Given data
##########
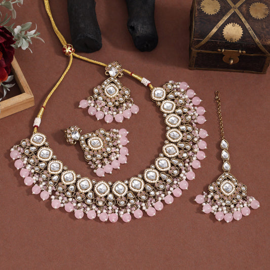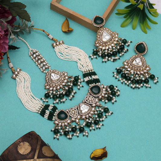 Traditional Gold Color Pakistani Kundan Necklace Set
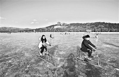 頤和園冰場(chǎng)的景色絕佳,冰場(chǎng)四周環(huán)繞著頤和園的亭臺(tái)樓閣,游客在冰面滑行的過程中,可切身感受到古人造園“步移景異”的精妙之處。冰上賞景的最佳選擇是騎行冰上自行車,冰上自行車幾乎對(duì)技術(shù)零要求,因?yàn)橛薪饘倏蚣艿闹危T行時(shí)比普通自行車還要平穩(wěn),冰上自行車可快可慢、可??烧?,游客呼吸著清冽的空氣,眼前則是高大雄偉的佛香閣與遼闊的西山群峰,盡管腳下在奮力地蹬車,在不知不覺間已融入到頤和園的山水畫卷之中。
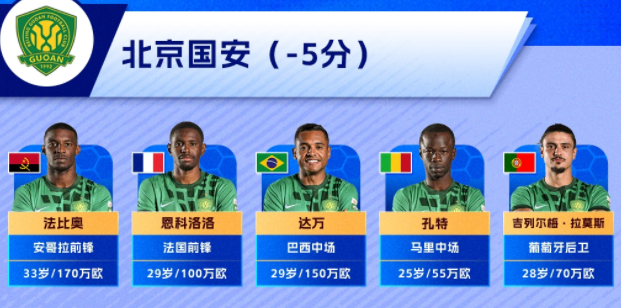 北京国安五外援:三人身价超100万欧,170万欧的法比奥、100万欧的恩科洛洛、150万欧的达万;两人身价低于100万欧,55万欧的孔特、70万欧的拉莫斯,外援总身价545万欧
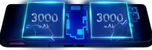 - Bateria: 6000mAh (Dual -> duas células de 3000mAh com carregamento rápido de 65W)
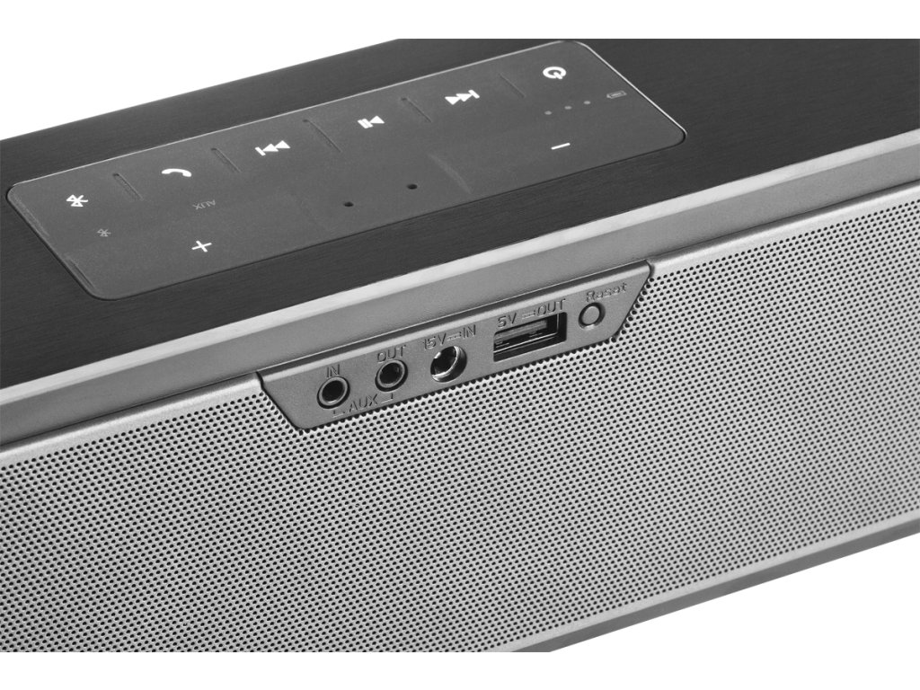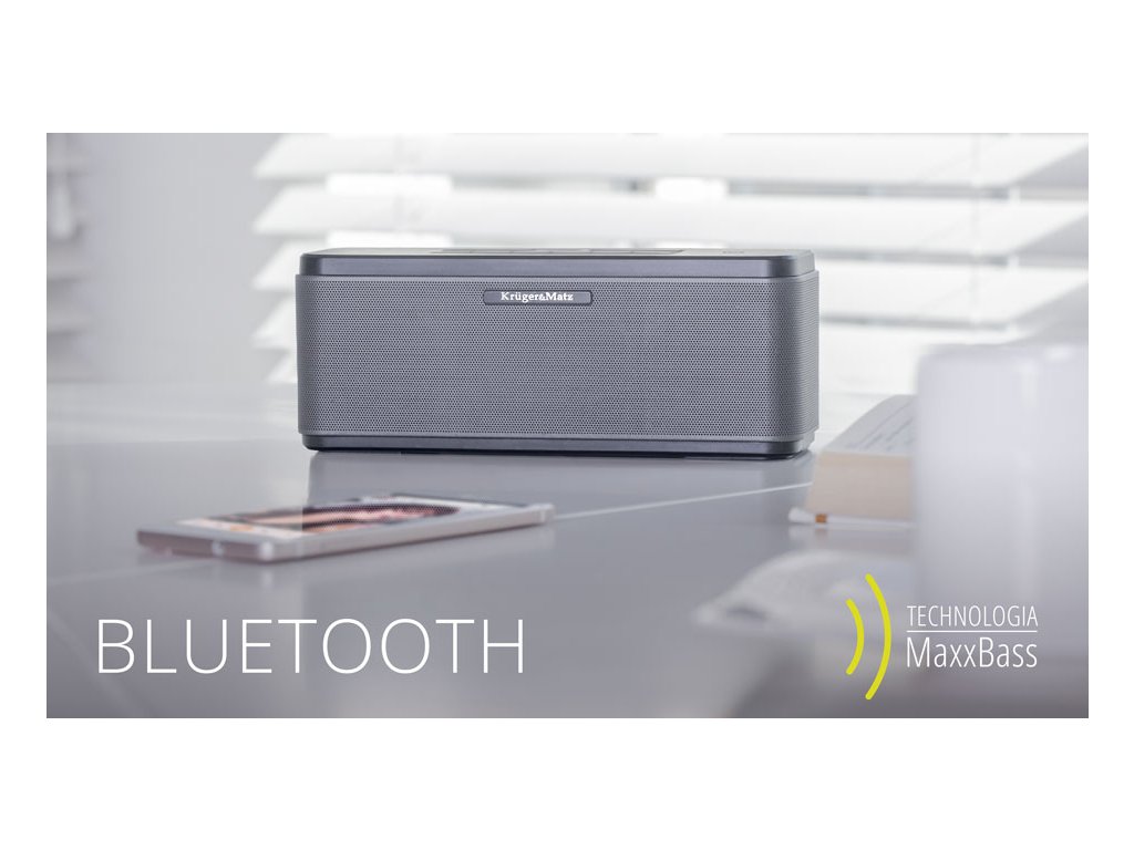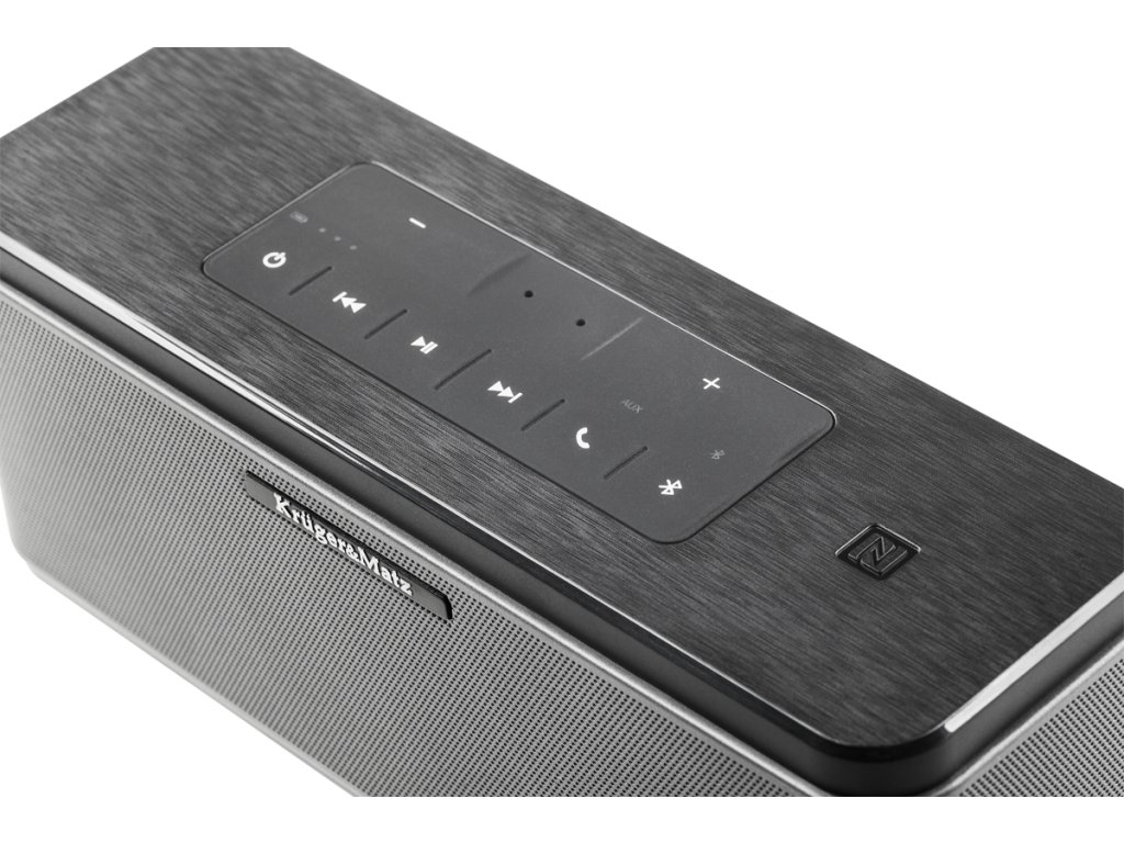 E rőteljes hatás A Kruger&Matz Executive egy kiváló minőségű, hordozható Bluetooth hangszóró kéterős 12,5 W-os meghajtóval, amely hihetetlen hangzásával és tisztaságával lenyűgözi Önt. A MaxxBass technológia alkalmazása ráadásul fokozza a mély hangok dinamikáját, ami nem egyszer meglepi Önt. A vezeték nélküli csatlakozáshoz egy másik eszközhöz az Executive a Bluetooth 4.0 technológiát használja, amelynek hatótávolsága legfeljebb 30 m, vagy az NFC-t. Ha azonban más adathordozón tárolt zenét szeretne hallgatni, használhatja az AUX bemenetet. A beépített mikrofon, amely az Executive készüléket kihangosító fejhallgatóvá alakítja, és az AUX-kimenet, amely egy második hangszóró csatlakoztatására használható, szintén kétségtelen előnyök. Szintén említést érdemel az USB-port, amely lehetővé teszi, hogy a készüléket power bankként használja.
##########
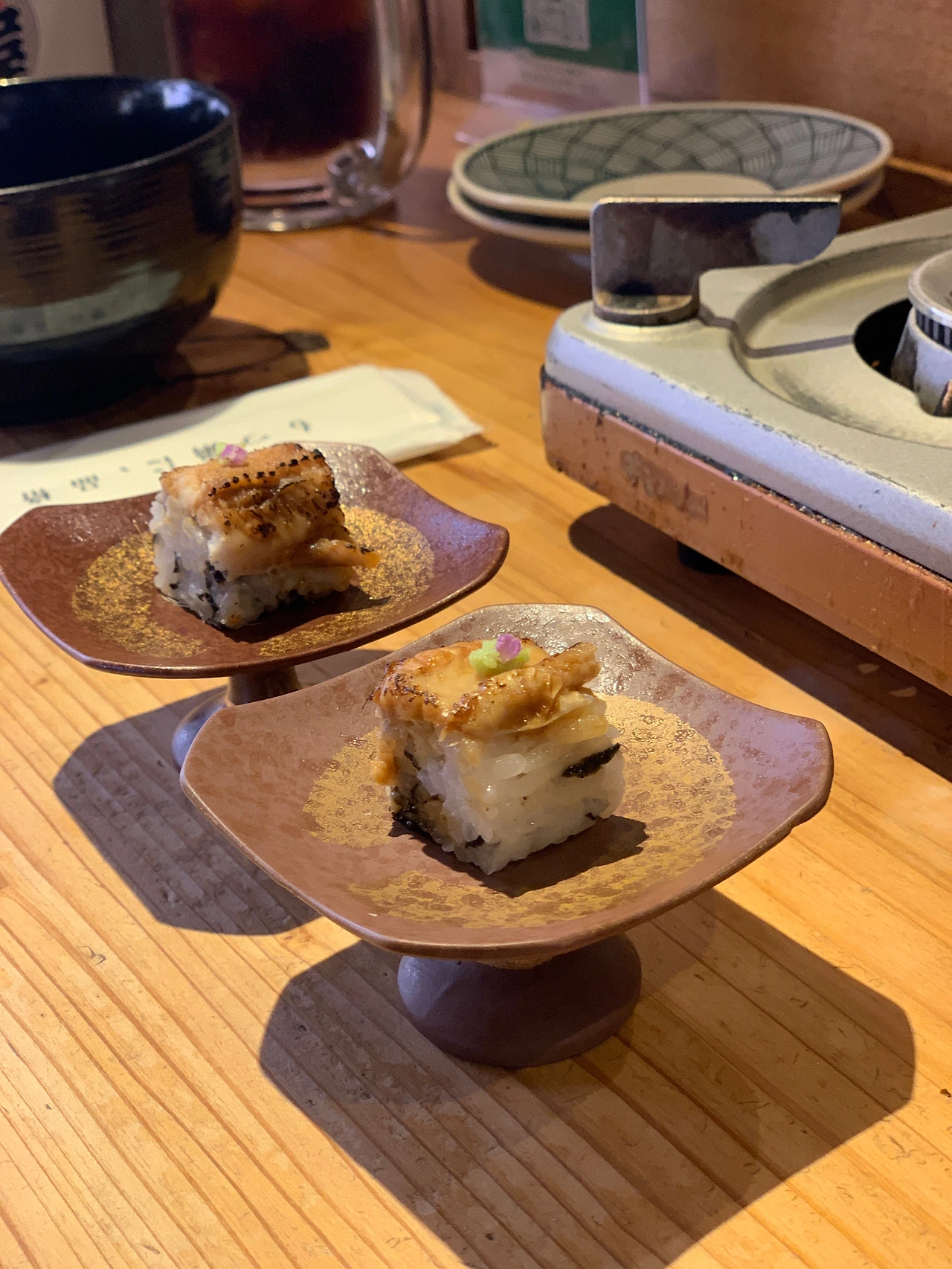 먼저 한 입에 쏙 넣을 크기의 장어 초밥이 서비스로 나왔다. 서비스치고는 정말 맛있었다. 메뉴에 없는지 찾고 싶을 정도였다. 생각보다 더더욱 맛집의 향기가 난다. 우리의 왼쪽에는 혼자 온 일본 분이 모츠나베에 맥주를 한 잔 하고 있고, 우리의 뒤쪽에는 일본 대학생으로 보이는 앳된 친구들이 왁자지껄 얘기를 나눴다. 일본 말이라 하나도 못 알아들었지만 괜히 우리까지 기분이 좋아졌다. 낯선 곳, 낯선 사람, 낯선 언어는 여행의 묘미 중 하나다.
##########
What to work on
Only the lines of the listing above from the one with "北京国安五外援:三人身价超1" through the one with "- Bateria: 6000mAh" should be output, exactly, with both ends kept and pictures left out.

Reply to the exercise
 北京国安五外援:三人身价超100万欧,170万欧的法比奥、100万欧的恩科洛洛、150万欧的达万;两人身价低于100万欧,55万欧的孔特、70万欧的拉莫斯,外援总身价545万欧
 - Bateria: 6000mAh (Dual -> duas células de 3000mAh com carregamento rápido de 65W)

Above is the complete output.